On Sun, Jul 12, 2009 at 4:31 PM, Lelio Fulgenzi<lelio at uoguelph.ca> wrote:
> In a perfect world, yes. However, depending on how your L2/L3 links are set
> up, it may be possible from some phones to register on each router.
> Definitely not ideal, and it should be avoided, however, it might be
> possible. With a dial peer on each router, you cover this scenario.
>
> HSRP is really only used to advertise to the phones where to register.

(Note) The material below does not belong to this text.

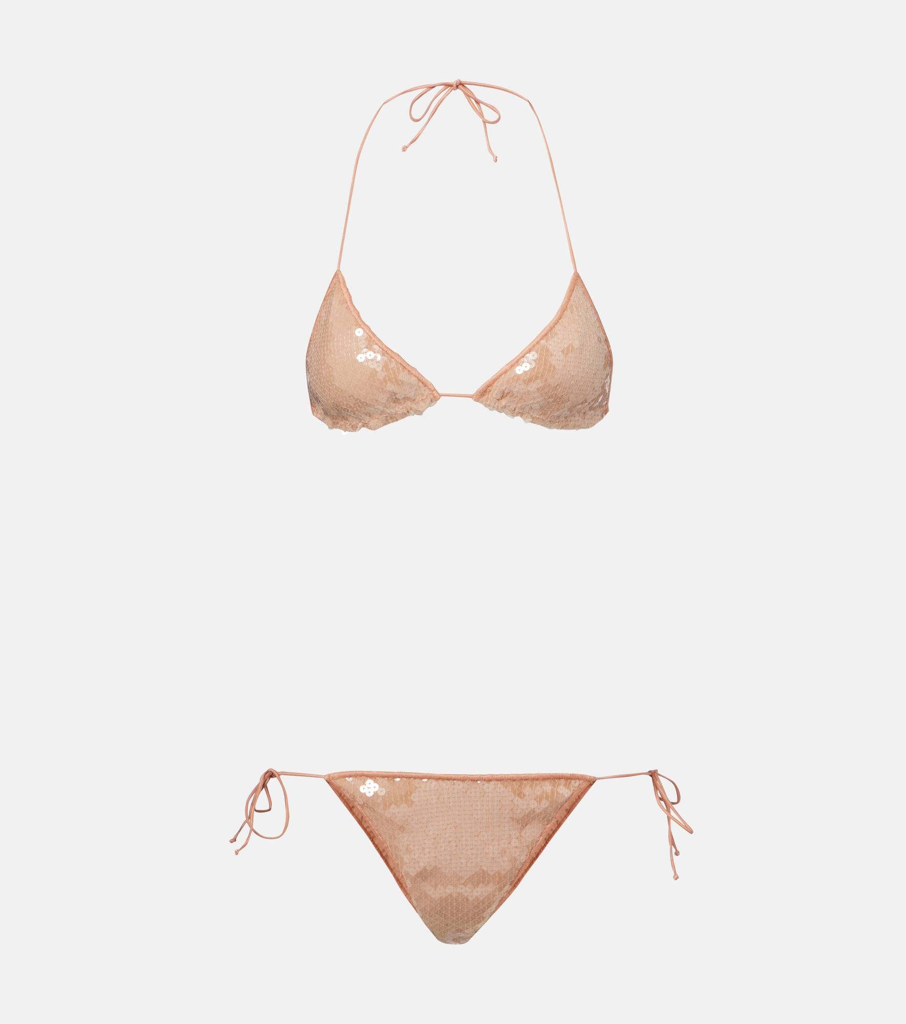 Explore your glamorous side with Oseree's swimwear, like this bikini. Destined to make a statement at the beach or pool, the design is embellished with shimmering sequins and offers minimal coverage. Product Details - Material: 100% polyester - Care instructions: hand wash - Made in Italy - Designer color name: Beige - Item color: beige - Lining: 80% polyamide, 20% elastane - Item number: P01042155 Size & Fit - True to size - Please note: small cups - Minimal coverage - High-cut leg - The model seen in the picture is 178cm-5'10", cup size B, and wearing a size S

> Everything else is configured with the appropriate router address, most
> likely a loopback address. So, it's conceivable that the two routers can
> talk to each other via L3 via some advertised route, but not via L2 (over
> which HSRP is handshaked), in that case, each router will advertise it is
> the HSRP active router.
>
> That's just me and my "try to cover every scenario possible" attitude. It's
> helped me out in some cases, bitten me on the ascot tie others. ;)
>
> Then again, I don't try to be an L2/L3 expert and have been known to be
> laughed out of a network meeting trying to accomodate a scenario that costs
> 10K to provision and will happen once every election of a pope (that one
> sounds better in Italian). ;)
>
>
>
>
>
> ---
> Lelio Fulgenzi, B.A.
> Senior Analyst (CCS) * University of Guelph * Guelph, Ontario N1G 2W1
> (519) 824-4120 x56354 (519) 767-1060 FAX (JNHN)

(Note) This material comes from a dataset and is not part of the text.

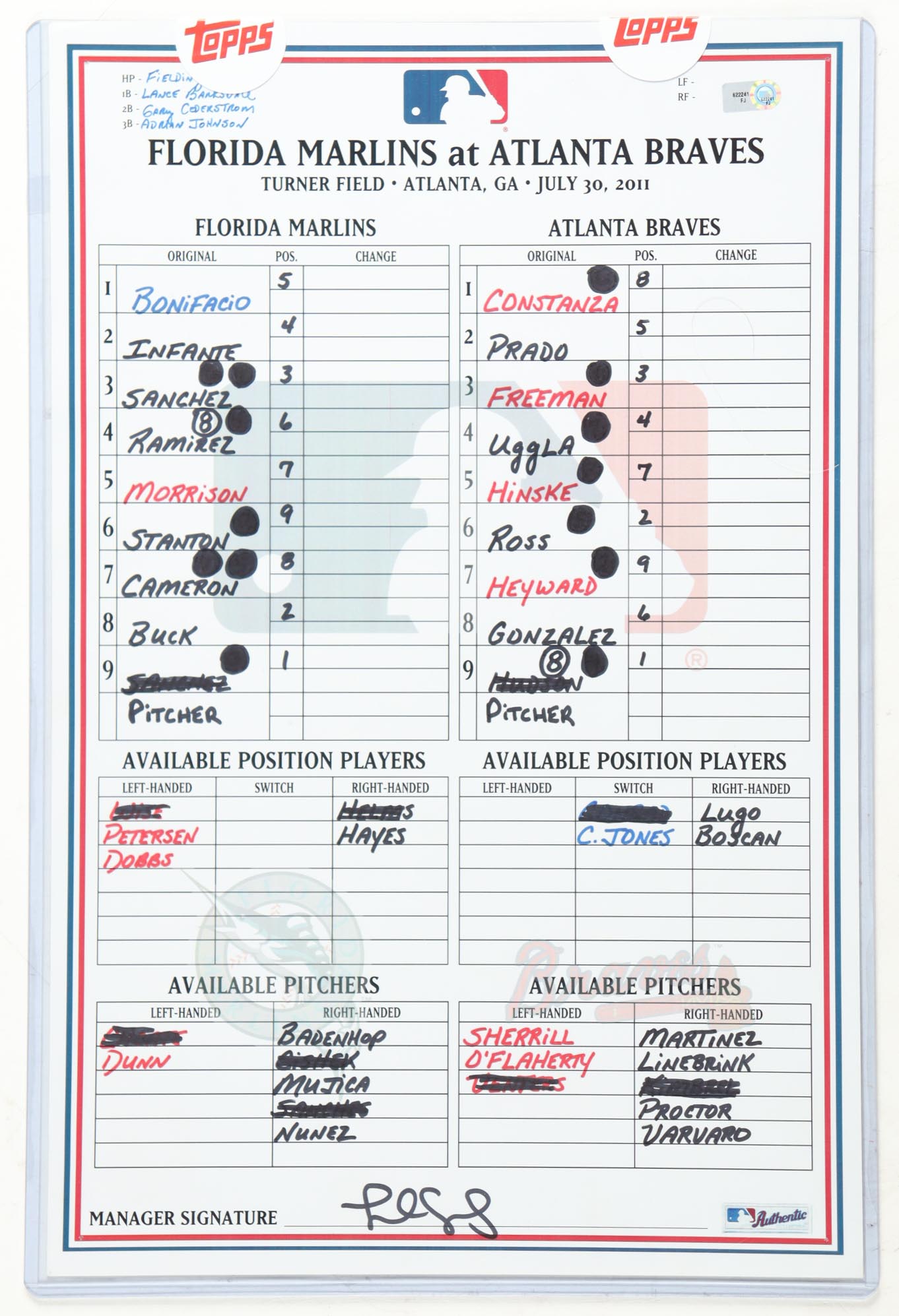 July 30, 2011 Atlanta Braves vs. Miami Marlins official game-used lineup card. Please see photos for details regarding the condition of the item.

> ^^^^^^^^^^^^^^^^^^^^^^^^^^^^^^^^^^^^^^^^^^^^^^^^^^^^^^^^^^^^^^^^^^^^^^
> "Bad grammar makes me [sic]" - Tshirt
>
>
> ----- Original Message -----
> From: "Bill Greenwood (US)" <bill.greenwood at us.didata.com>
> To: cisco-voip at puck.nether.net
> Sent: Sunday, July 12, 2009 4:20:02 PM GMT -05:00 US/Canada Eastern
> Subject: Re: [cisco-voip] Redundancy Options for CME
>
> Thinking more about this:
>
>
>
> If both routers run CME, on the standby router a general dial peer for the
> phones would point to the primary router.  This dial peer would not be
> needed on the primary router as if it was up it would have the phone
> registered locally.  This dial peer on the standby router would be in place
> all the time routing calls from the PSTN to the primary router under normal
> operation.  In the case where the primary router has failed then the phones
> would register and create more specific dial peers which would route the
> call locally to the phones.  Does that sound correct?
>
>
>
> Bill
>
>
>
> From: Lelio Fulgenzi [mailto:lelio at uoguelph.ca]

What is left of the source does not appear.